After each script is executed, the execution code is written to the exitCode.txt file.
We record both the start time and the end time of the overall measurement – these indicators are inserted into the Grafana link, which the bot will send after the measurements are completed.
I will tell you in detail about the bot and the use of the exitCode.txt file below.
What could be the next steps in the development of autorun and configuration?
Integrating the launch of measurements under average load into the regular launch of release checks.
Carrying out NT with dynamic scaling.
Perspectives on testing endurance, stress and recovery of a system or product.
Delegate routine to a bot
How not to twitch when checking whether the HT measurements are completed?
Notification can help us!

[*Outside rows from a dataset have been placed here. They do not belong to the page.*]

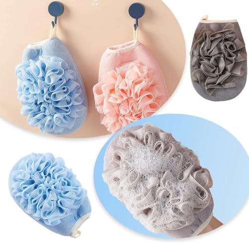 Generic - جوانتي تقشير مع ليفة إسفنجية لتنظيف الجسم، إسفنجة استحمام مزدوجة الجوانب للاستحمام للنساء والرجال، قفازات تقشير الجلد الميت للجسم (قطعة واحدة، متعدد الألوان)
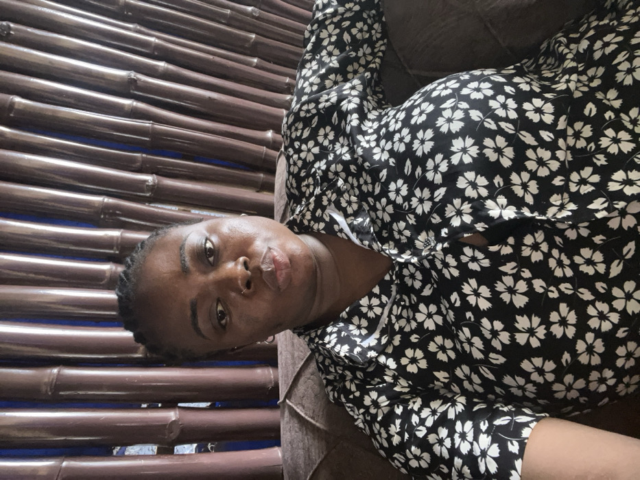 An adult female, depicted from the chest up, is positioned centrally, looking directly at the camera with pursed lips. She has dark skin, braided hair pulled back, and wears a nose ring in her left nostril. She is dressed in a black, collared, button-down shirt or top patterned with numerous small, white, five-petal flowers and green leaves. The top two buttons are unfastened. She is seated on a dark brown, upholstered surface, likely a sofa or chair. The background consists of a wall covered with closely arranged, vertical, reddish-brown cylindrical elements, resembling bamboo or carved wood. Behind these elements, a darker, possibly blue or dark green, surface is partially visible through narrow gaps. The scene is an interior setting. There are no visual cues within the image to specifically identify the location as Abuja, Nigeria.
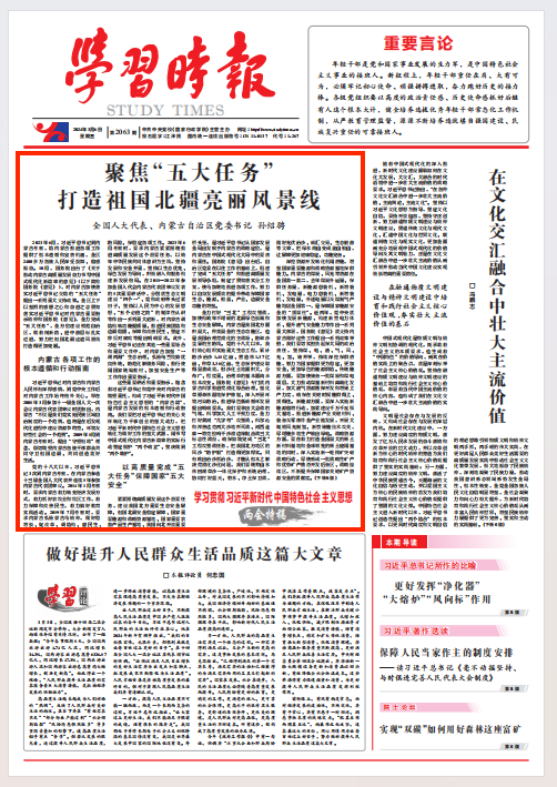 《学习时报》2024年3月6日第1版刊发全国人大代表、内蒙古自治区党委书记孙绍骋文章《聚焦“五大任务”打造祖国北疆亮丽风景线》。

There is a lot of documentation and examples on the Internet on implementing bots for various instant messengers.
Let's look at the implementation of notification in Telegram. A prerequisite is the preliminary preparing the bot.

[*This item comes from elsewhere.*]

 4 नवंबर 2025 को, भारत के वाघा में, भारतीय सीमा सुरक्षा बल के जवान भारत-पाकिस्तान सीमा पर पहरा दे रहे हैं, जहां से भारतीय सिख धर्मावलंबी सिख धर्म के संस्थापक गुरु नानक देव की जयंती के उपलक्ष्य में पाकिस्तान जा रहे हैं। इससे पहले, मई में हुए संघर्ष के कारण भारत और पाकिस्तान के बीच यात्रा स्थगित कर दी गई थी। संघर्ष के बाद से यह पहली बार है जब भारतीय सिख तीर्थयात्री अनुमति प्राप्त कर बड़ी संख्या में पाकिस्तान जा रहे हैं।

Due to use k6we will need either pure Javascript code or a plugin library written for k6.
Therefore, we have several options:
implement notification via the Telegram API;
use k6 plugin – xk6-telegram.
The second option seems simpler, let's start with it.
There is a section with extensions on the k6 documentation page.
Extensions are created and maintained by both the k6 developers and the community around the project.
xk6-telegram is one such extension. It is developed by the community and is listed as officially offered by k6, but is not guaranteed to be supported. However, you can use it to get started)
We take the code as a basis example from documentation:
import http from "k6/http";
import telegram from "k6/x/telegram";
const conn = telegram.connect(`${__ENV.TOKEN}`, false);
const chatID = 123456789;
const environment="load_stand";
const link = 'https://grafana.com/';
export default function () {
http.get('http://test.k6.io');
}
export function teardown() {
const body = `<b>Load testing</b> ${environment} \r\n`+
`<b>Dashboard</b>: <a href="https://habr.com/ru/companies/eftech/articles/856240/${link}">K6 Result</a>`;
telegram.send(conn, chatID, body);
}
What do we get?
The k6 tool executes the code in the script sequentially: setup (pre-preparation), function (main code), teardown (post-preparation).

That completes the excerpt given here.